Create QuantizedLinear from existing nn.Linear.

Parameters:

Name Type Description Default
linear Linear

Pretrained linear layer.

required

Returns:

Type Description
QuantizedLinear

QuantizedLinear with quantized weights.

Source code in src/rotalabs_accel/quantization/symmetric.py
@classmethod
def from_linear(cls, linear: torch.nn.Linear) -> "QuantizedLinear":
    """
    Create QuantizedLinear from existing nn.Linear.

    Args:
        linear: Pretrained linear layer.

    Returns:
        QuantizedLinear with quantized weights.
    """
    has_bias = linear.bias is not None
    quantized = cls(linear.in_features, linear.out_features, bias=has_bias)
    quantized.quantize_weights(linear.weight.data)
    if has_bias:
        quantized.bias.data.copy_(linear.bias.data)
    return quantized

Best Practices

1. Quantize After Training

Quantize pretrained weights, not randomly initialized ones:

# Good: quantize pretrained weights
model = load_pretrained_model()
for module in model.modules():
    if isinstance(module, nn.Linear):
        qmodule = QuantizedLinear.from_linear(module)
        # replace module with qmodule

2. Evaluate Before Deployment

Always check quantization accuracy on your specific model:

# Run validation before and after quantization
baseline_loss = evaluate(model)
quantize_model(model)
quantized_loss = evaluate(model)
print(f"Loss increase: {quantized_loss - baseline_loss:.4f}")

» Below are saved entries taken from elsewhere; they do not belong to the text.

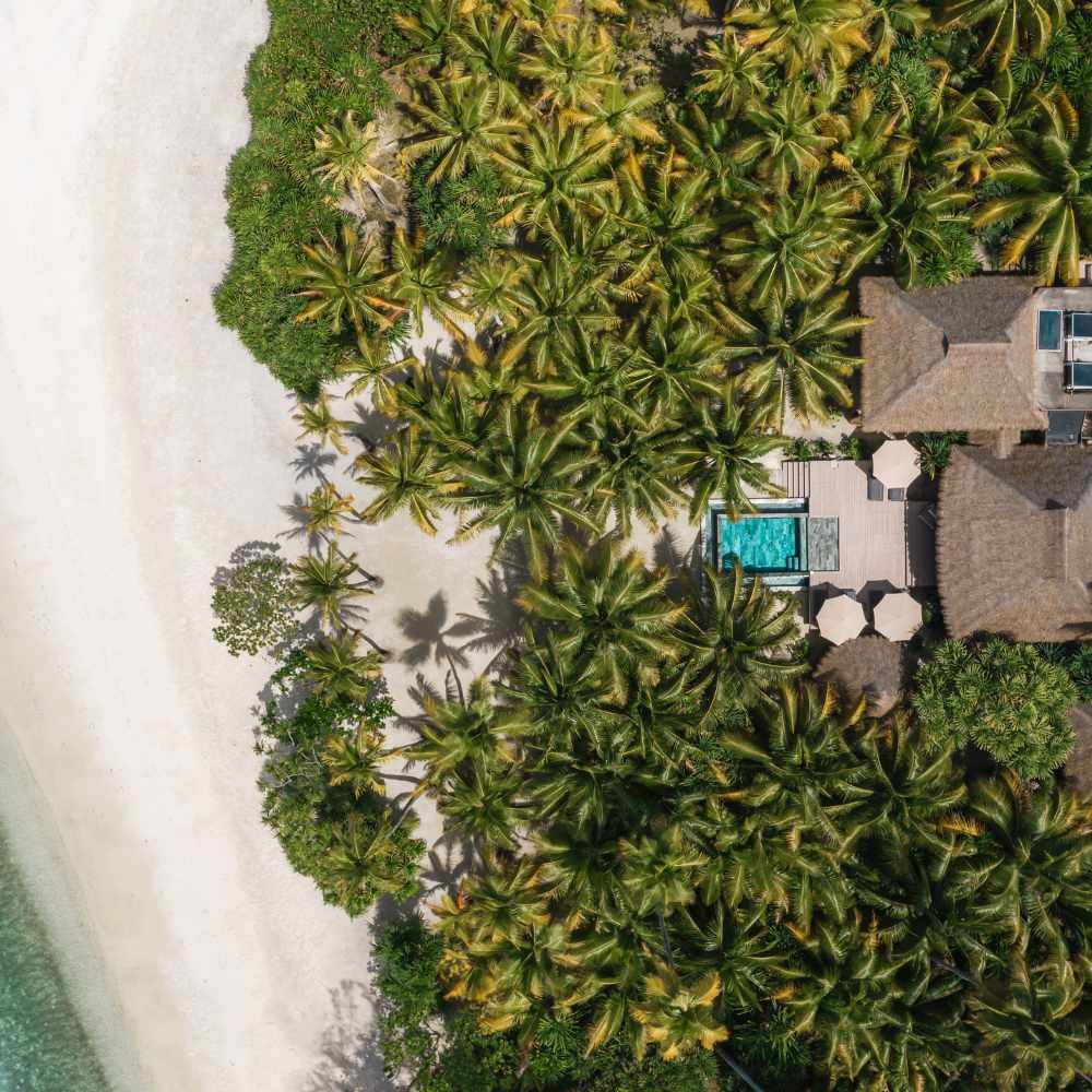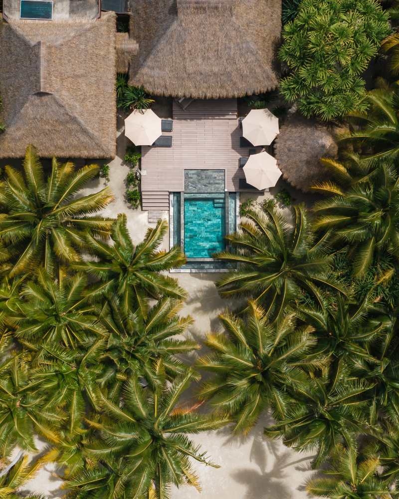 Villas feature high ceilings and large windows, ensuring they are bright and airy. Decking leads to a private plunge pool and there’s an outdoor bathtub for a soak under the stars.
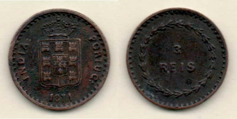 3 Reis 1871, KM.1 (Cu), 1.879g, nep.hr., nep.rysky, pěkná patina R!
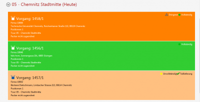 Zu jedem Auftrag werden die Lieferanschrift, die Anzahl der Positionen und die Versandart angezeigt. Weiterhin werden noch folgende Informationen angezeigt:
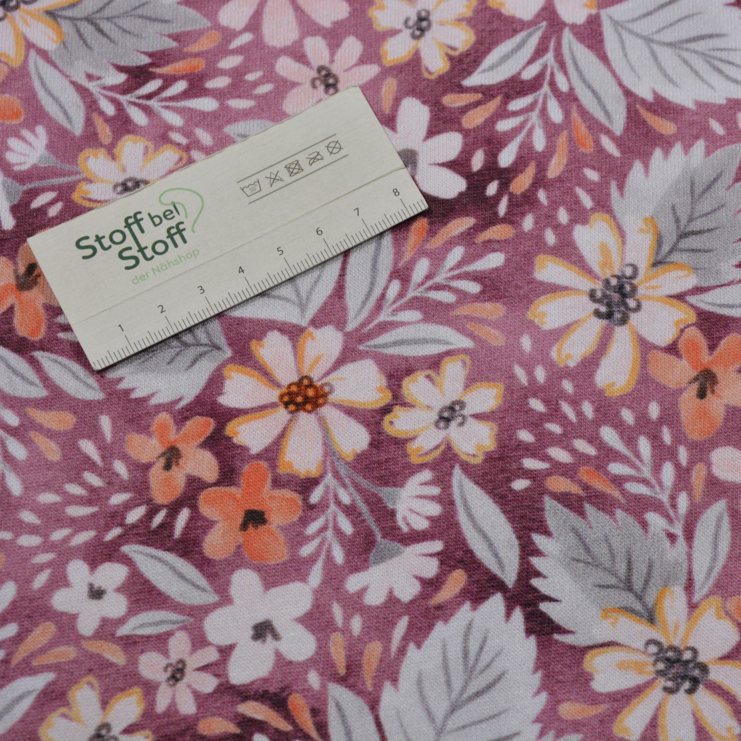 Sweatstoff – Blumenmuster auf AltrosaDieser wunderschöne Sweatstoff begeistert mit einem romantischen Blumenmuster auf altrosa Hintergrund. Die Kombination aus 90% Baumwolle und 10% Polyester sorgt für ein angenehmes Tragegefühl und macht den Stoff gleichzeitig strapazierfähig und pflegeleicht. Mit einer Breite von 155 cm und einem Gewicht von 285 g/m² ist dieser Sweat ideal für gemütliche Hoodies, Sweatshirts, Kleider oder Jogginghosen. Perfekt für stilvolle Nähprojekte mit floralem Charme!
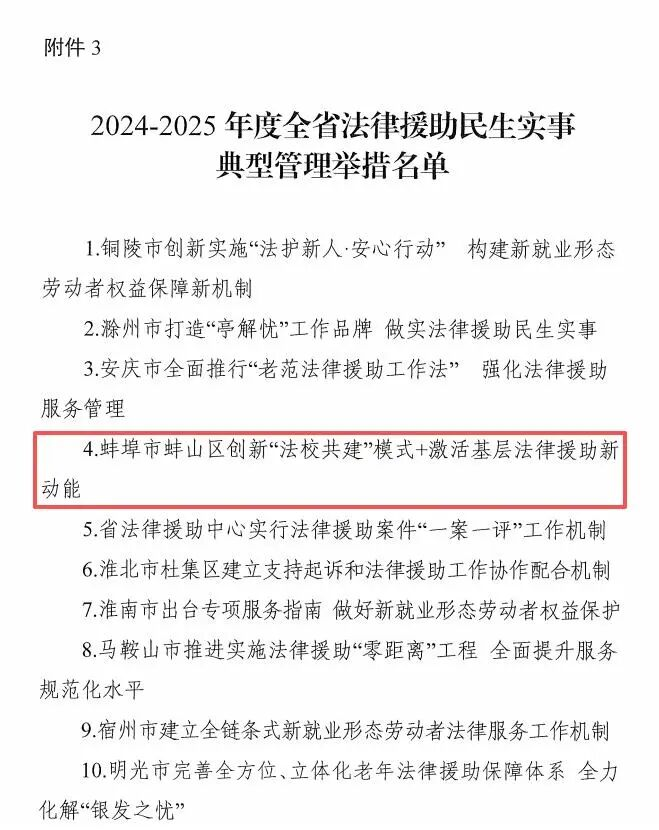 近日,安徽省司法厅办公室印发《关于2024-2025年度全省法律援助民生实事优秀案例和典型管理举措评选结果的通报》,蚌埠市蚌山区创新“法校共建”模式,成功入选全省法律援助民生实事典型管理举措名单,成为全省10项典型管理举措之一。
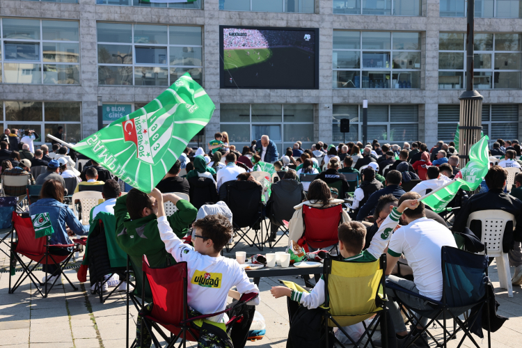 Somaspor ile oynanan karşılaşmaya yoğun ilgi gösteren Bursasporlu taraftarlar, meydanı adeta bir stadyum atmosferine çevirdi. Maç boyunca heyecanın düşmediği alanda, atılan her gol sonrası coşku tavan yaptı. Bitiş düdüğünün ardından bayram yerine dönen meydanda, bayraklar, marşlar ve tezahüratlar eşliğinde şampiyonluk sevinci yaşandı.
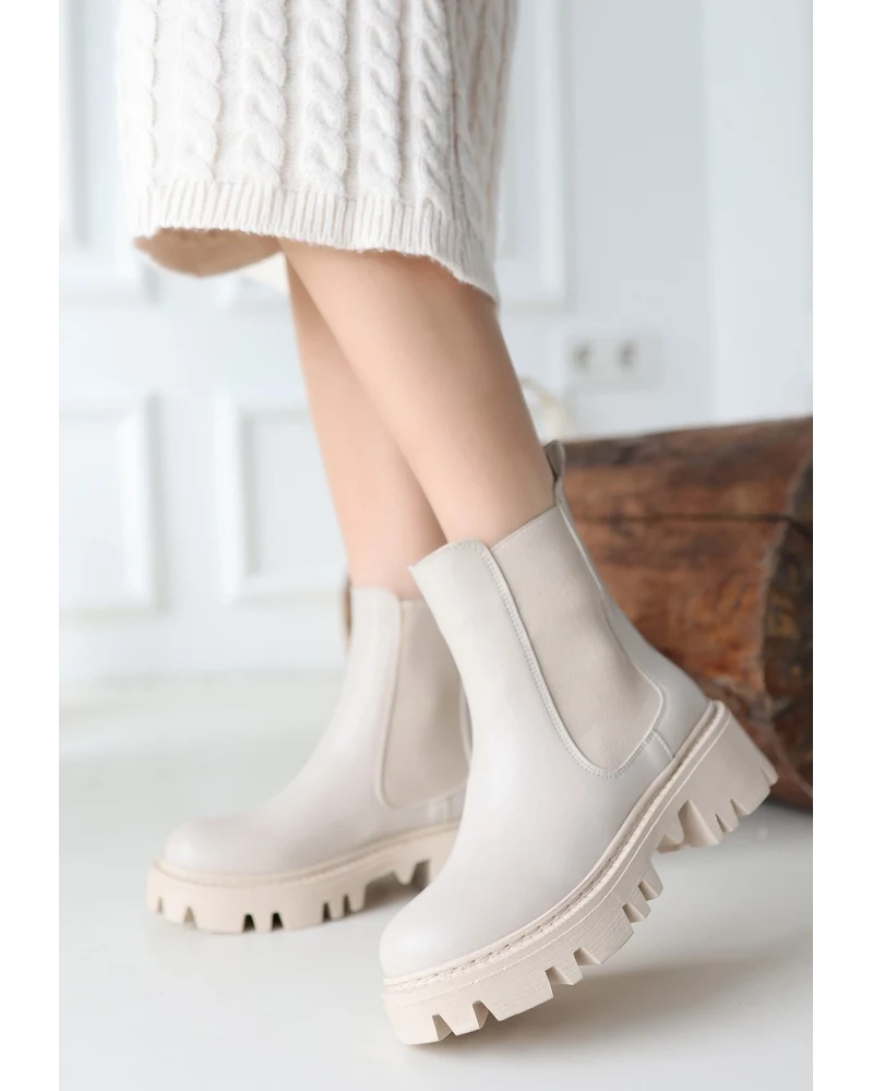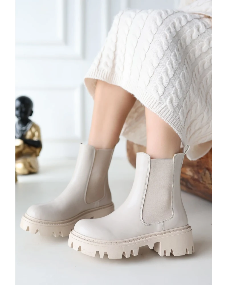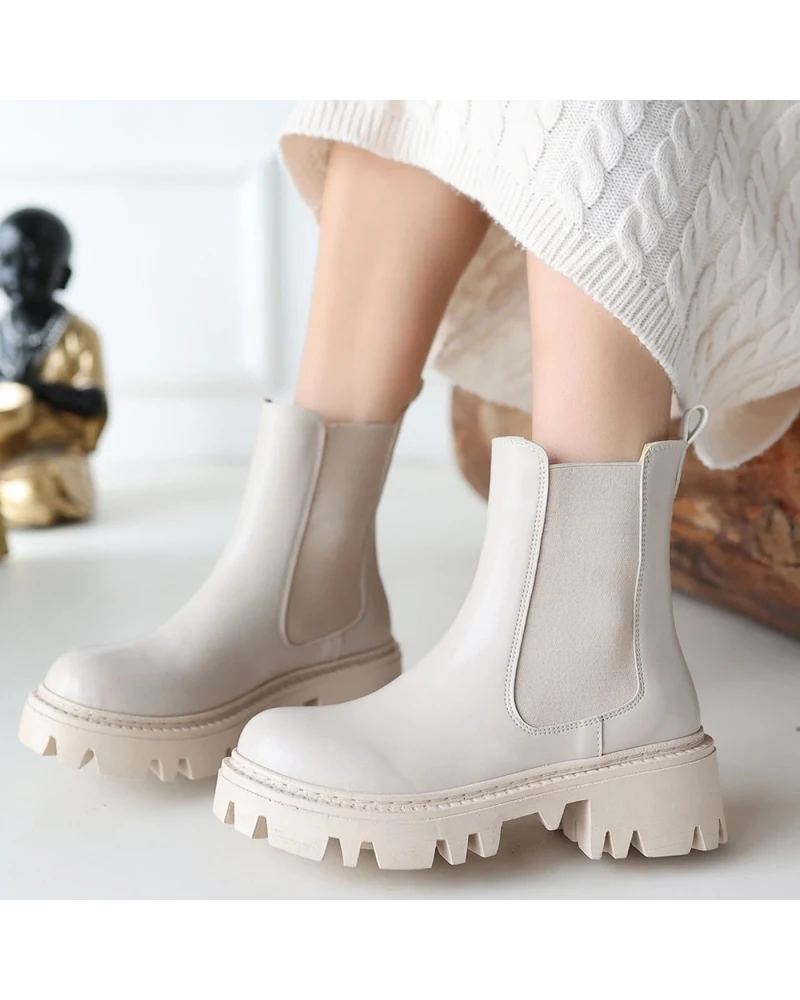 Ninle Bej Cilt Topuklu Bot

3. Keep Certain Layers in FP16

Some layers are more sensitive to quantization:

  • First and last layers
  • Layers with small weight magnitudes
  • Attention output projections
# Skip quantizing sensitive layers
for name, module in model.named_modules():
    if "lm_head" in name or "embed" in name:
        continue  # Keep in FP16
    if isinstance(module, nn.Linear):
        # Quantize

Error Metrics

The calculate_quantization_error function returns:

Metric Description Typical Value
max_abs_error Maximum absolute difference < 0.02
mean_abs_error Mean absolute difference < 0.005
relative_error_pct Max relative error for significant values < 1%
snr_db Signal-to-noise ratio > 40 dB

Values may vary based on weight distribution. Lower SNR indicates more quantization error.